Some stop words were excluded from indexing (e.g. “the”, “by” and “of” in English). For these experiments, the stop word list for Portuguese was based on the Porter list [7], and the lists for Bulgarian and Hungarian were based on Savoy’s [ 9 ]. We used our own list for French.

Unlike previous years, this year we added AL=“0-9” to the stopfiles to specify that the digits 0-9 were to be treated as alphabet characters (e.g. so that “G7” would be indexed as 1 term instead of 2).

By default, the SearchServer index supports both exact matching (after some Unicode-based normalizations, such as decompositions and conversion to upper-case) and morphological matching (e.g. inflections, derivations and compounds, depending on the linguistic component used).
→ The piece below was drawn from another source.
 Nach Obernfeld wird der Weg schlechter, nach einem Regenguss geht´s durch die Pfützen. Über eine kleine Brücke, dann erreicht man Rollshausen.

For many languages (including French and Portuguese), SearchServer provides the option of finding inflections based on lexical stemming (i.e. stemming based on a dictionary or lexicon for the language). For example, in English, “baby”, “babied”, “babies”, “baby’s” and “babying” all have “baby” as a stem. Specifying an inflected search for any of these terms will match all of the others. The lexical stemming of the post-6.0 experimental development version of SearchServer used for the experiments in this paper was based on internal stemming component 3.7.0.15. We treat each linguistic component as a black box in this paper.
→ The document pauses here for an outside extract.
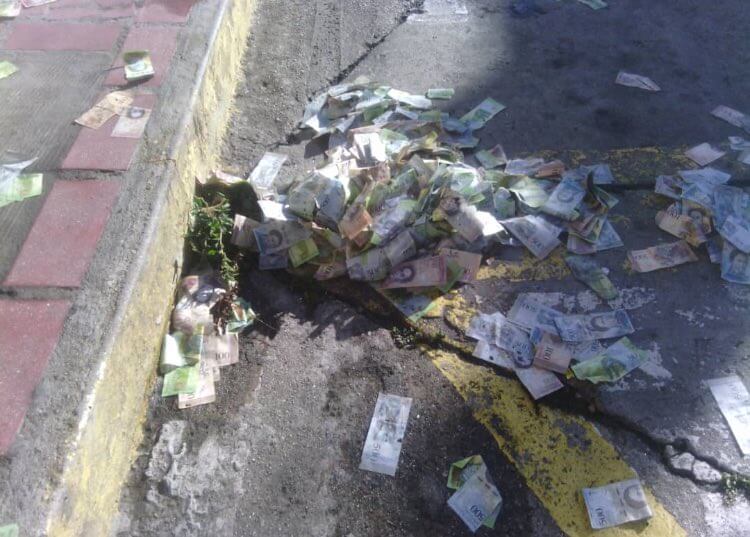 Yerler esaçılmış banknotlara ait görseller 2019 yılı Mart ayında Venezüela’nın Merida adlı kasabasında yaşanan banka yağmasının ardından çekilmiş.

Lexical stemming in SearchServer typically does “inflectional” stemming which generally retains the part of speech (e.g. a plural of a noun is typically stemmed to the singular form). It typically does not do “derivational” stemming which would often change the part of speech or the meaning more substantially (e.g. “performer” is not stemmed to “perform”).
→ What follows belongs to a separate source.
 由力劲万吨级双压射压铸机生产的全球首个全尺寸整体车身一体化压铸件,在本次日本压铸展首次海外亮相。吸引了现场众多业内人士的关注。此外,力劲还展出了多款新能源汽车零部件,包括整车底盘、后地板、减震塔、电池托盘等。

Lexical stemming in SearchServer includes compound-splitting (decompounding) for compound words in particular languages (such as Dutch, Finnish, German and Swedish). For example, in German, “babykost” (baby food) has “baby” and “kost” as stems.

Lexical stemmers can produce more than one stem, even for non-compound words. For example, in English, “axes” has both “axe” and “axis” as stems (different meanings), and in French, “important” has both “important” (adjective) and “importer” (verb) as stems (different parts of speech). SearchServer records all the stem mappings at index-time to support maximum recall and does so in a way to allow searching to weight some inflections higher than others. 2.3

Searching

We experimented with the SearchServer CONTAINS predicate. Our test application specified SearchSQL to perform a boolean-OR of the query words. For example, for Bulgarian topic 279 whose Title was “Референдуми в Швейцария” (Swiss referendums), a corresponding SearchSQL query would be: SELECT RELEVANCE(’2:3’) AS REL, DOCNO FROM CLEF05BG WHERE FT_TEXT CONTAINS ’Референдуми’|’в’|’Швейцария’ ORDER BY REL DESC; (Note that “в” is a stopword for Bulgarian so its inclusion in the query wouldn’t actually add any matches.)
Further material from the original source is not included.